Could you retype the lines below, starting at the line holding "河南省五县联考2024届高二上学期第一次联考数学+答案" and stopping at the line holding "The Compile is", inclusive? Copy them exactly and drop the images.
________________________________________
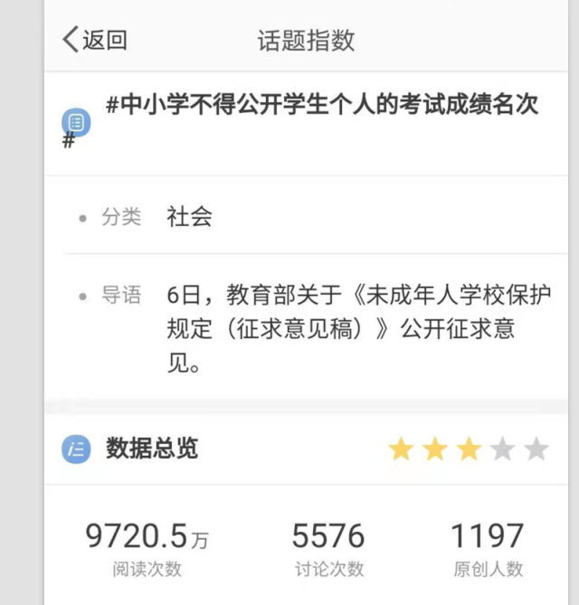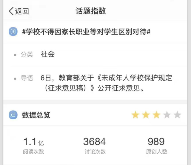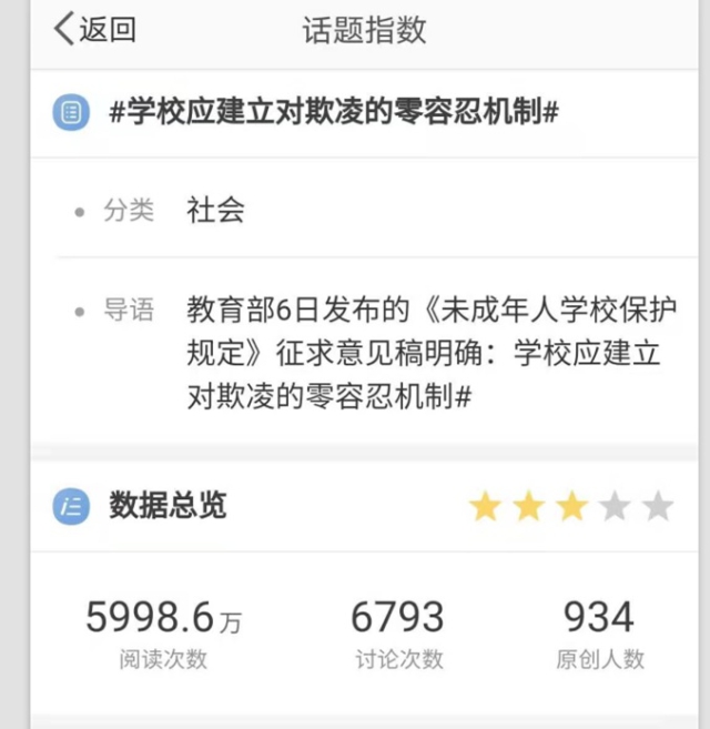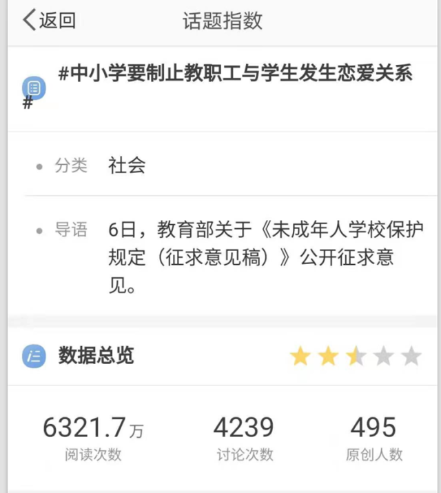 #未成年人學校保護規定##學校不得因家長職業等對學生區別對待##中小學要制止教職工與學生發生戀愛關系##教育部擬規定中小學禁止師生戀##學校不得公開學生成績和排名##學校應建立對欺凌零容忍機制#等數條內容沖上熱搜。截至7日上午11點,以上話題的新浪微博總閱讀量超過3億。
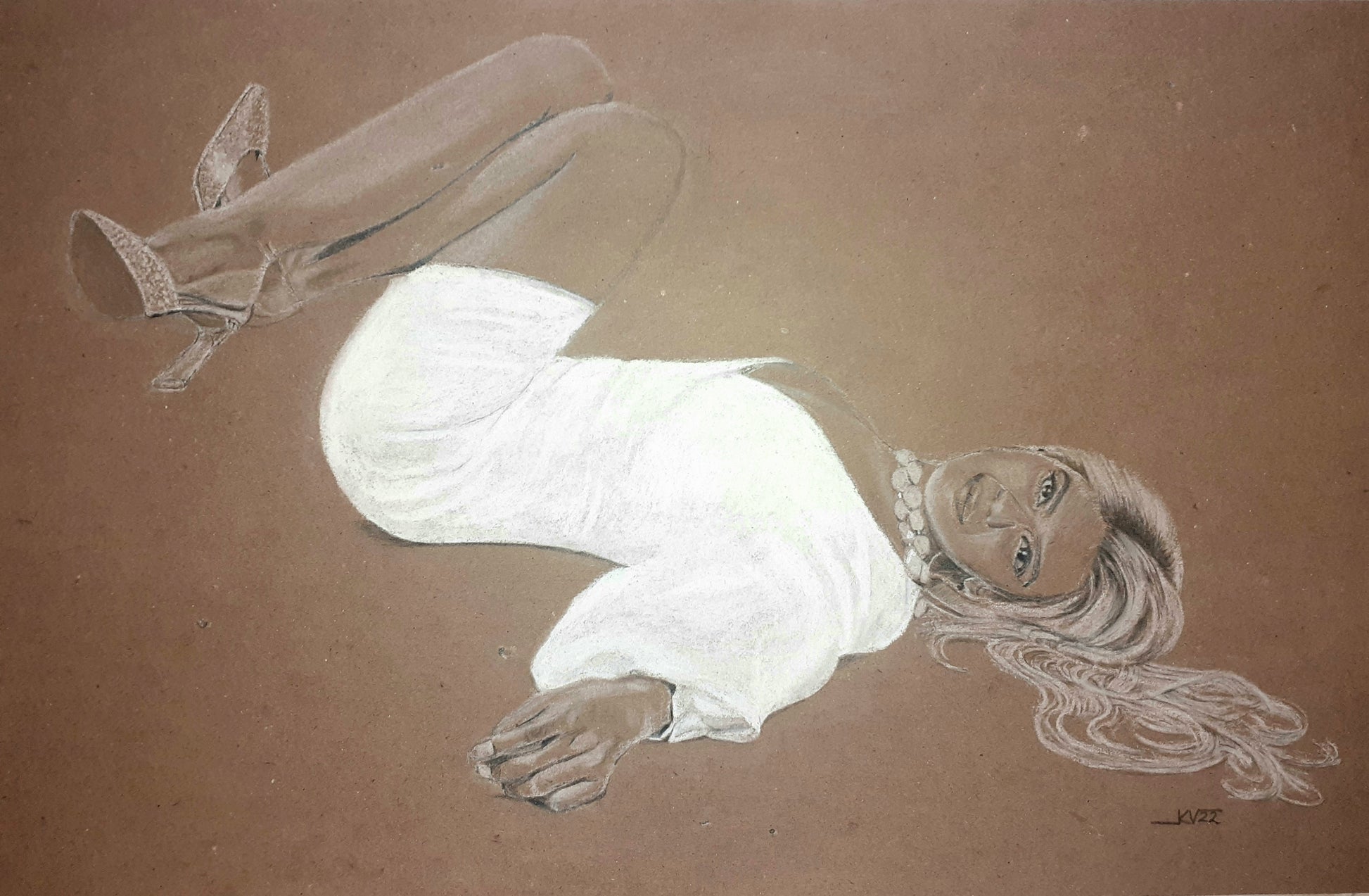 Dibujo de modelo en grafito y carboncillo sobre papel craft.
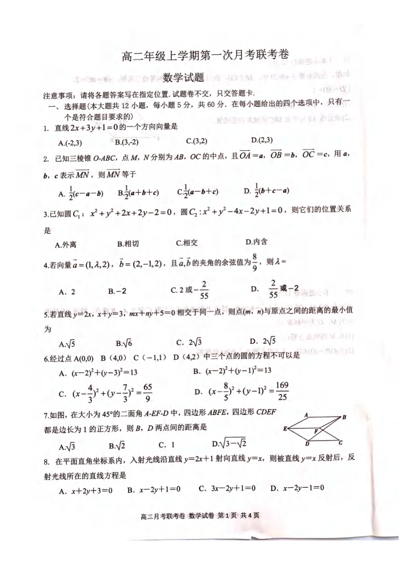 河南省五县联考2024届高二上学期第一次联考数学+答案
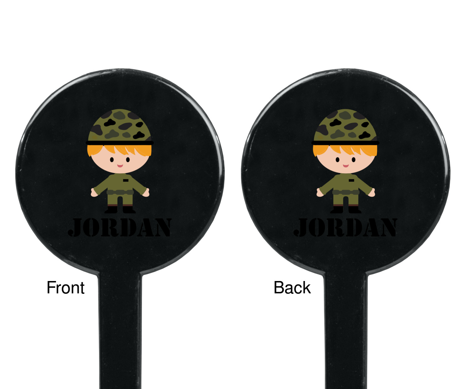 A wide band using coordinating colors runs down the middle of this design. A square label, outlined with camo colors, showcases our little military man with added personalization for the special touch.
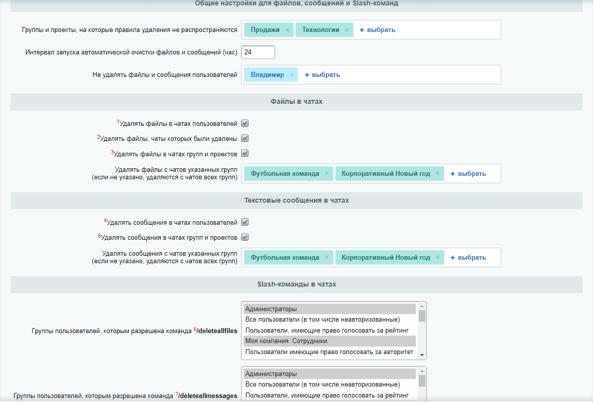 Модуль удаляет устаревшие текстовые сообщения или сообщения с файлами в чатах веб-мессенджера 1С-Битрикс24 (коробочная версия). Какие файлы считать устаревшими, указывается в настройках этого модуля.
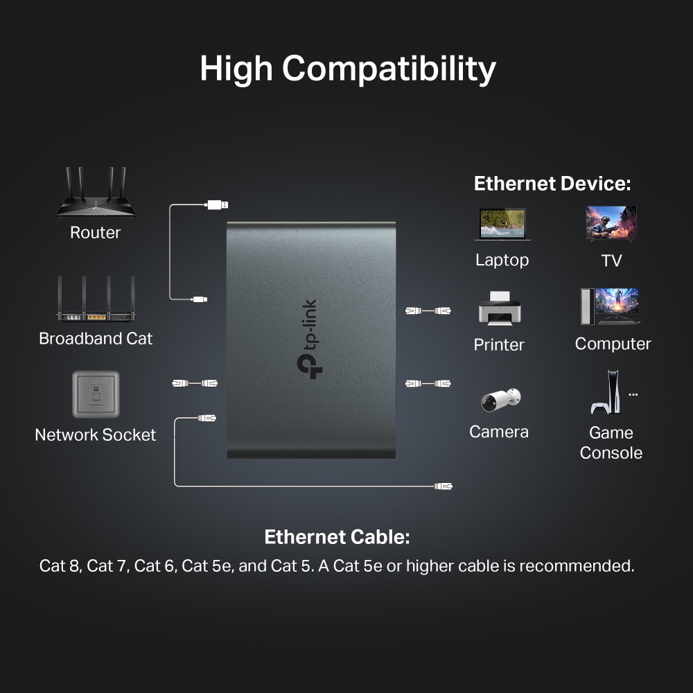 Compatible with Cat 8/7/6/5e/5 Ethernet cables and works with common Ethernet devices, including routers, switches, computers, TVs, and game consoles.
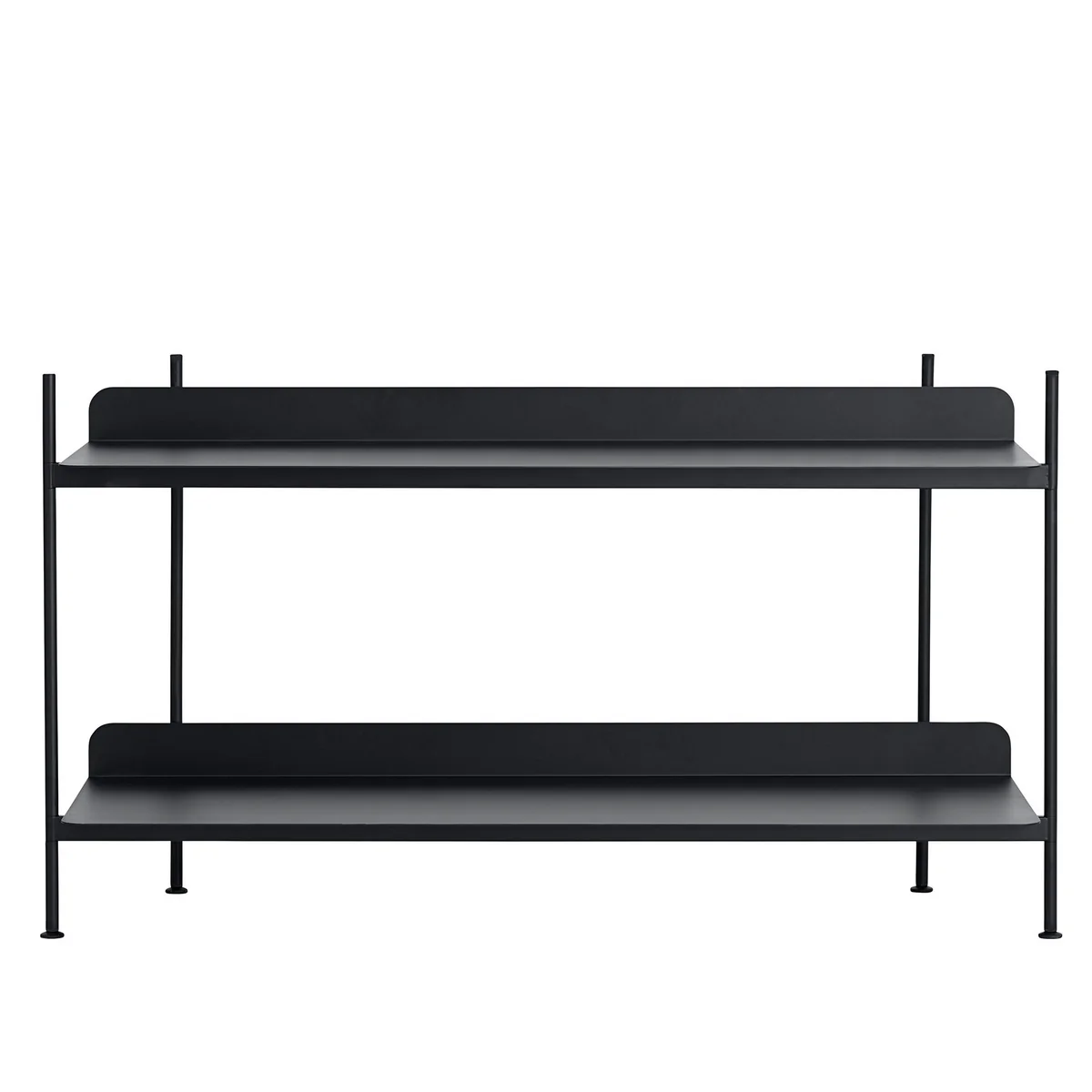 The Compile is the modern version of the classic shelving system. One shelf level consists of one shelf board and two tube constructions, which are available in three different heights. This way you can determine for each level individually, how much distance there has to be to the next shelf.
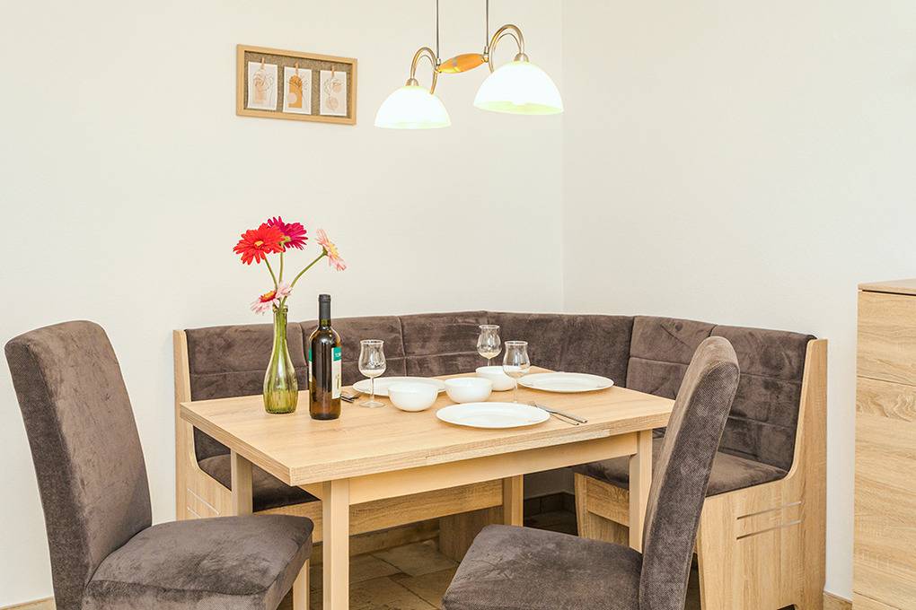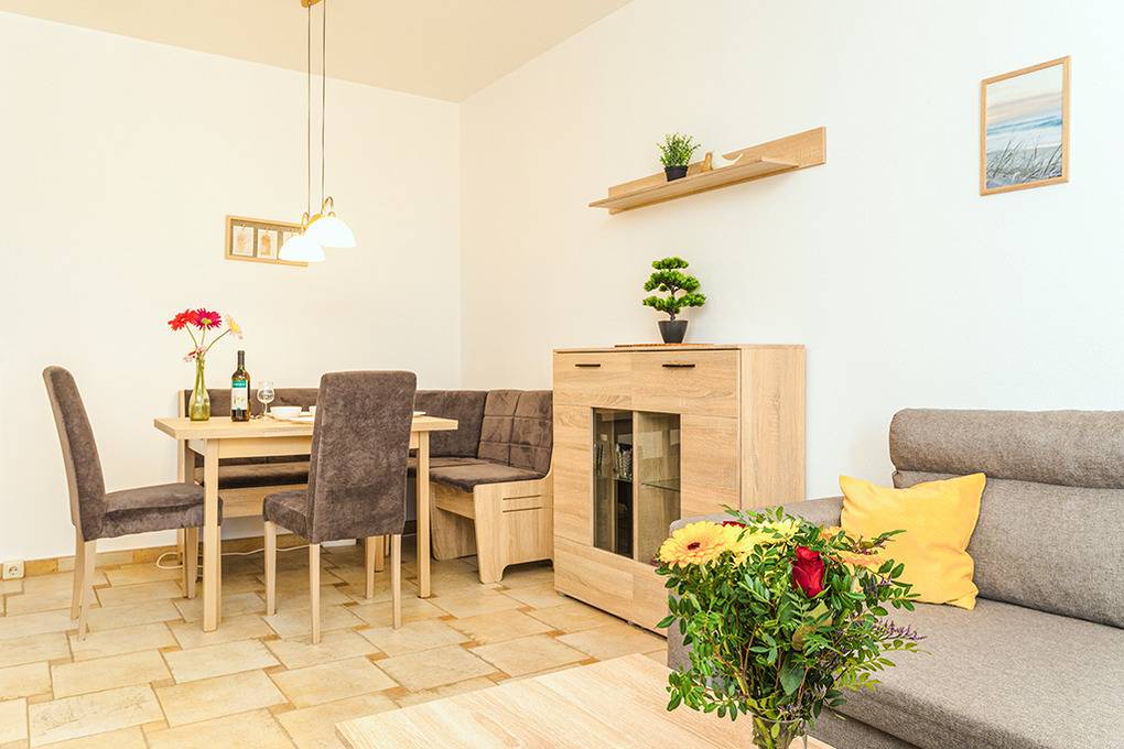 Nebenkosten Endreinigung 90 € (wird bei Buchung erhoben). Kurtaxe. Bettwäsche, Handtücher leihbar 20 €/Pers (Bestellung, wird bei Buchung erhoben). Zusätzliche Leistungen Kostenloser Internetzugang über W-Lan. 1 Pkw-Stellplatz im Preis inklusive. Kinder Babybett/Hochstuhl zusätzlich zur maximalen Personenzahl, jeweils ohne Berechnung. Haustier 50 €/Aufenthalt, max. 2 Hunde (Anmeldung).Räume & Aufteilung
________________________________________
**WRITTEN SOLUTION**
 河南省五县联考2024届高二上学期第一次联考数学+答案
 A wide band using coordinating colors runs down the middle of this design. A square label, outlined with camo colors, showcases our little military man with added personalization for the special touch.
 Модуль удаляет устаревшие текстовые сообщения или сообщения с файлами в чатах веб-мессенджера 1С-Битрикс24 (коробочная версия). Какие файлы считать устаревшими, указывается в настройках этого модуля.
 Compatible with Cat 8/7/6/5e/5 Ethernet cables and works with common Ethernet devices, including routers, switches, computers, TVs, and game consoles.
 The Compile is the modern version of the classic shelving system. One shelf level consists of one shelf board and two tube constructions, which are available in three different heights. This way you can determine for each level individually, how much distance there has to be to the next shelf.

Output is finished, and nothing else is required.